After the incident Florida governor Jeb Bush, who has been under intense pressure to act to prolong Ms Schiavo's life, said he did not have the legal authority to take her into protective custody.
State officials denied that any showdown had occurred. However, the prospect of a confrontation between two branches of law enforcement underscores the intense emotions generated by the case and the dangers of a full-blown constitutional crisis. Armed police officers at the scene told The Irish Times on Thursday they were ready for "any eventuality" but declined to go into details.
The protests at the hospice have been peaceful other than for symbolic attempts to bring water to Ms Schiavo, which end in arrests.
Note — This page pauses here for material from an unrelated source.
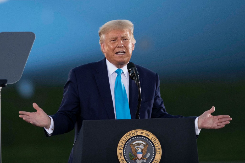 2020年9月3日,时任美国总统特朗普在宾夕法尼亚州拉特罗布参加竞选集会。(新华社记者刘杰摄)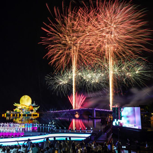 9月8日在亮燈儀式上拍攝的《月是故鄉明》主題煙火秀。

Many right-to-life activists at the hospice see the issue as one of good versus evil - reinforced by the coincidence that the fight for Ms Schiavo, a Catholic, is happening at Easter, the pinnacle of the Christian calendar.
Friends of Ms Schiavo's parents said she was given morphine yesterday as her breathing had become increasingly laboured and her tongue and eyes were bleeding. However, the lawyer for her husband said yesterday morning: "She is resting comfortably. Her breathing does not appear to be shallow."